Data Mining and Information Extraction for CiteSeerX and Friends

Talk by Prof. C. Lee Giles, Pennsylvania State University USA. It's at 14.30 - 15.30.


Cyberinfrastructure or e-science has become crucial in many areas of science where data access often defines scientific progress. Open source (OS) systems have greatly facilitated design and implementation and supporting cyberinfrastructure permitting the design of specialized integrated search engines and digital libraries which offer many opportunities for domain relevant information and knowledge extraction, such as citation extraction, automated indexing and ranking, chemical formulae search, table indexing, etc. We describe the open source SeerSuite architecture which is a modular, extensible system built on successful OS projects such as Lucene/Solr and discuss issues in building domain specific enterprise search and cyberinfrastructure for the sciences and academia. Because of the large amount of information crawled and/or search there are many scale problems in information extraction and data mining such as author and entity disambiguation, data extraction and ranking, etc. We highlight application domains with examples from computer science, CiteSeerX, and chemistry, ChemXSeer and related problem areas. Because such enterprise systems require unique information extraction approaches, several different machine learning methods, such as conditional random fields, support vector machines, mutual information based feature selection, sequence mining, etc. are critical for performance. We draw lessons for other e-science and cyberinfrastructure systems in terms of design, implementation and research and discuss future directions, systems and research.

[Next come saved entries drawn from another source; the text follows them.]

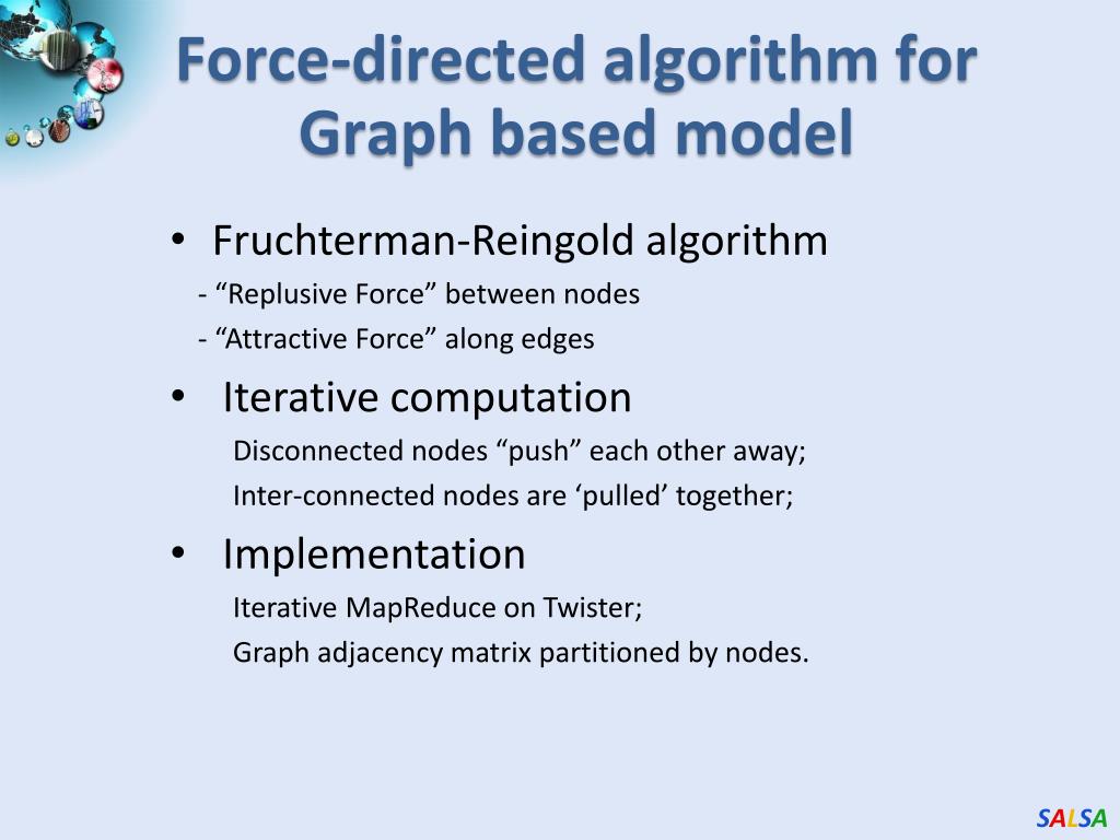 Force-directed algorithm for Graph based model Fruchterman-Reingoldalgorithm - “Replusive Force” between nodes - “Attractive Force” along edges Iterative computation Disconnected nodes “push” each other away; Inter-connected nodes are ‘pulled’ together; Implementation Iterative MapReduce on Twister; Graph adjacency matrix partitioned by nodes.
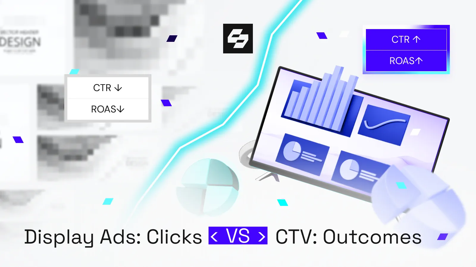 Display ads vs CTV performance comparison showing declining CTR and ROAS for display and growth for connected TV.
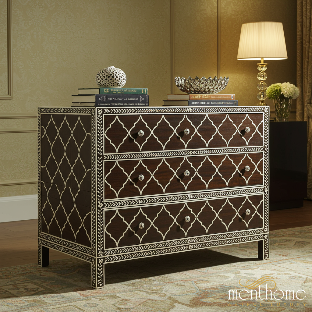 Intricately Designed Three-Drawer Wooden Dresser with Mother-of-Pearl Inlay | Luxury Handmade Chest of Drawer
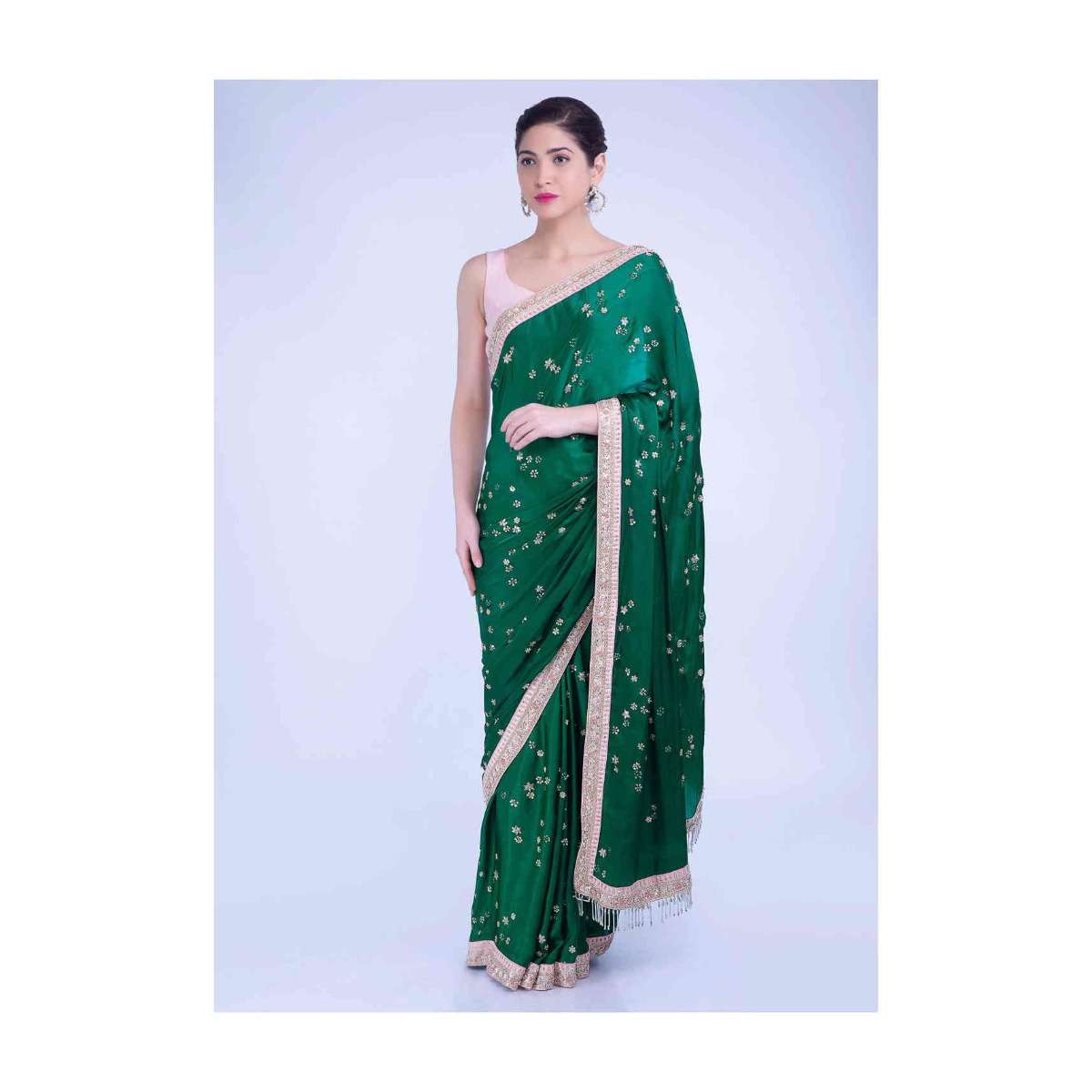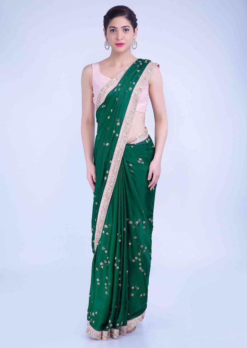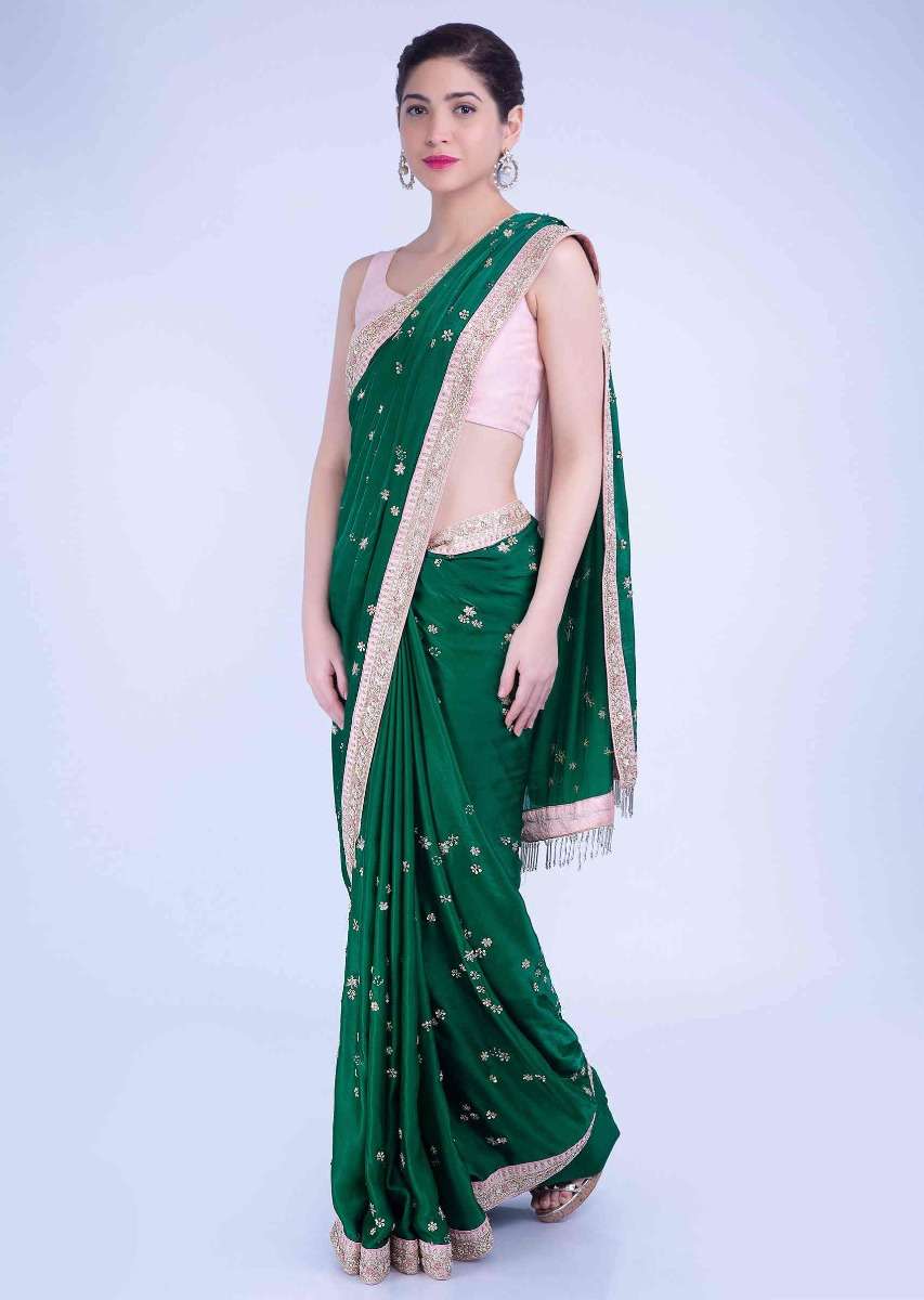 Emerald Green Saree In Satin Georgette With Blush Pink Raw Silk Blouse Piece Online - Kalki Fashion

C. Lee Giles is the David Reese Professor at the College of Information Sciences and Technology at the Pennsylvania State University, USA. He is also graduate college Professor of Computer Science and Engineering, courtesy Professor of Supply Chain and Information Systems, and Director of the Intelligent Systems Research Laboratory. He has twice received the IBM Distinguished Faculty Award. He directs the Next Generation CiteSeer, CiteSeerx project and codirects the ChemxSeer project at Penn State. His current research interests are in intelligent information processing systems. He was one of the creators of the novel metasearch engines, Inquirus and Inquirus2. He was also one of the creators of the popular computer and information science search engine, CiteSeer, an autonomous citation indexing search engine and digital library, now hosted at the College of Information Sciences and Technology at Penn State University. He also created a niche search engine eBizSearch, a search engine for e-business documents, and, SMEALSearch, a search engine and digital library for academic business documents. He is very interested in cyberinfrastructure for science and the academy and is currently a codeveloper in the research and development of a portal and search tool for environmental chemistry, ChemxSeer. He prototyped a novel search engine for archaeology, ArchSeer, and also developed a new search engine for robots.txt, BotSeer, that indexed over 2 million robots.txt files. Currently, he is working on collaboration networks, CollabSeer, and citation recommendation, RefSeer. He has more than 300 publications with over 18,000 citations (one of the top 100 h-indexes in Computer Science). Several of his papers have won or been nominated for best paper awards and have been reprinted in edited collections. He has served or is currently serving on the editorial boards of IEEE Intelligent Systems, IEEE Transactions on Knowledge and Data Engineering, Machine Learning Journal, Computational Intelligence and Applications, IEEE Transactions on Neural Networks, Journal of Computational Intelligence in Finance, Journal of Parallel and Distributed Computing, Neural Networks, Neural Computation, and Academic Press. He is a Fellow of the ACM, a Fellow of the IEEE and a Fellow of the International Neural Network Society, and a member of AAAI and AAAS. More here:

Scientific Host: Christina Lioma, DIKU

The talk is open to all interested parties - admission is free. There will be cake in the kitchen at 24.05.49 after the talk, where you can meet the speaker.